We've been out of town for the last 10 days, and when I came home last night I was filled with equal parts dread and excitement at the chance to look at my garden. 


Now you can understand the dread.  I went to bed feeling totally overwhelmed with that mess in my backyard.

Then this afternoon, after a long, loud morning with the kids, I went out to take a picture of the garden because it's just that terrible.  As I stood there staring at it, I realized that what I was staring at was a perfect representation of how I feel like life with my kids has been lately.  So I posted it to Instagram, as you do, with a caption that said, "If I could capture in a picture what I feel like raising my kids has been like lately, it would look like this picture of my "garden" (which hardly deserves the name garden). Wild, daunting, overwhelming, and hard to spot the good through the bad.  If only I could figure out how to remove the 'weeds' in family life so we could all thrive a little more."

Kids, lately, are hard.  They fight...A LOT.  They cry, they whine, they make bad choices, they make big messes, and they challenge me beyond what I feel like I'm capable of.  I'm not sure what's changed, but it definitely feels like things have been worse lately and I've struggled a lot in finding the joy in motherhood when everything feels like this.  I know there's joy to be had, I just have to let it grow stronger and taller than the "weeds".

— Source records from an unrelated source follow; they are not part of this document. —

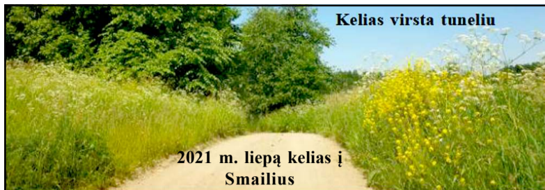
Keltas virsta tuneliu

Molėtų r. vietinės reikšmės kelių su žvyro danga remontui atlikti už beveik 100 tūkst. eurų konkursą laimėjusi UAB "Bebrusai" darbus pradėjo nuo kelio remonto Dubingių seniūnijoje Smailių kaime. Šioje vietoje suremontuota kelio atkarpa į Smailių kaimą nuo betonkelio. Iš viso remontas atliktas 2 km kelio atkarpoje
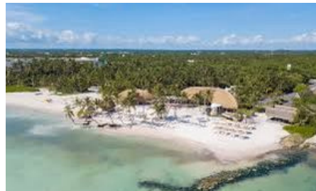
29min Cabeza de Toro - Pearl Beach
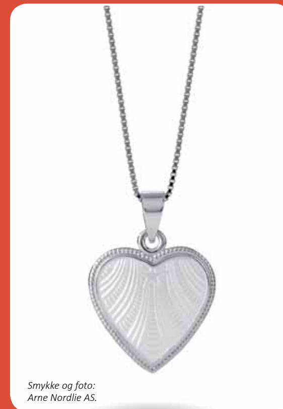
Smykke og foto: Arne Nordlie AS.
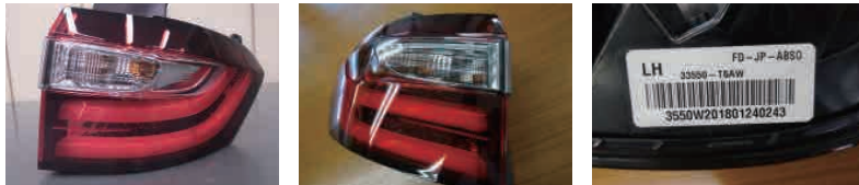
RC1 前期 メッキハウジング

前期 H25.10～H29.11 ウィンカーのインナー メッキハウジング 33500-T6A 後期 H29.11～ ウィンカーのインナー クロームハウジング 33500-T6AW
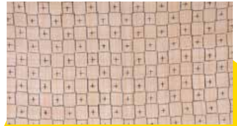
喜如嘉の芭蕉布保存会《芭蕉布着尺「ハチジョーハチ」》 平成25年 文化庁蔵
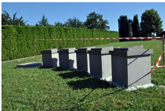
Le projet de columbarium est en cours de réalisation : le monument et les aménagements paysagers sont programmés pour cet été

Le Conseil Municipal approuve les travaux de création d'un columbarium pour un montant de 9 431,00 € HT soit 11 279,47 € TTC et décide de confier les travaux à l'entreprise Zanchetta de Village-Neuf. Il approuve également le programme d'aménagement paysager pour un montant de 4 754,50 € HT soit 5 686,38 € TTC et décide de confier les travaux à l'entreprise Springinsfeld de Durmenach.
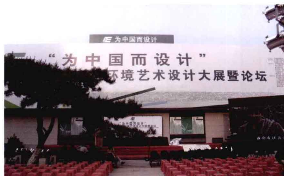
同活动相结合的广义的公共艺术形态

城市公共艺术能够讲述城市的故事，人们可以由此找到不同地域文化，城市文明也因此得以继承和传播，这是功能化设施无法给予的。因此，城市公共艺术具有超越功能需求的现实价值意义。

The fact of the matter is, I'm good with messy and I like things a little wild.  I don't do neat and orderly, no matter how much I think I want to--it's just not me.  And maybe it's not my kids either.  Maybe I'm pushing us all to be things we aren't.  Maybe it's okay if they're loud, or if all their clothes are either stained or ripped, or they make huge messes because they are thinking huge creative things.  Maybe they need more "fun mom" and less "clean the house mom".  More one on one listening time, and less nagging time.  I don't know, I'm just thinking out loud here.  Doing a little mental "weeding" if you will.  How does a mom to spirited kids let them be spirited without giong crazy?  How do you direct them in the right ways wihtout controlling them and squashing their spirits?  These are the things I pray about constantly, but I still don't have the answers.  Writing about it sure helps though, and remembering that its okay to not be perfect.  In fact, its okay to be very far from perfect as long as my intentions are good.

So here I sit, with two weed patches on my hands, one literal and one metaphorical. I might just have to give up on one of those weed patches for now and let the weeds take over, so that I can give my attention to the other weed patch.

But that's okay, I can always get my produce from the store.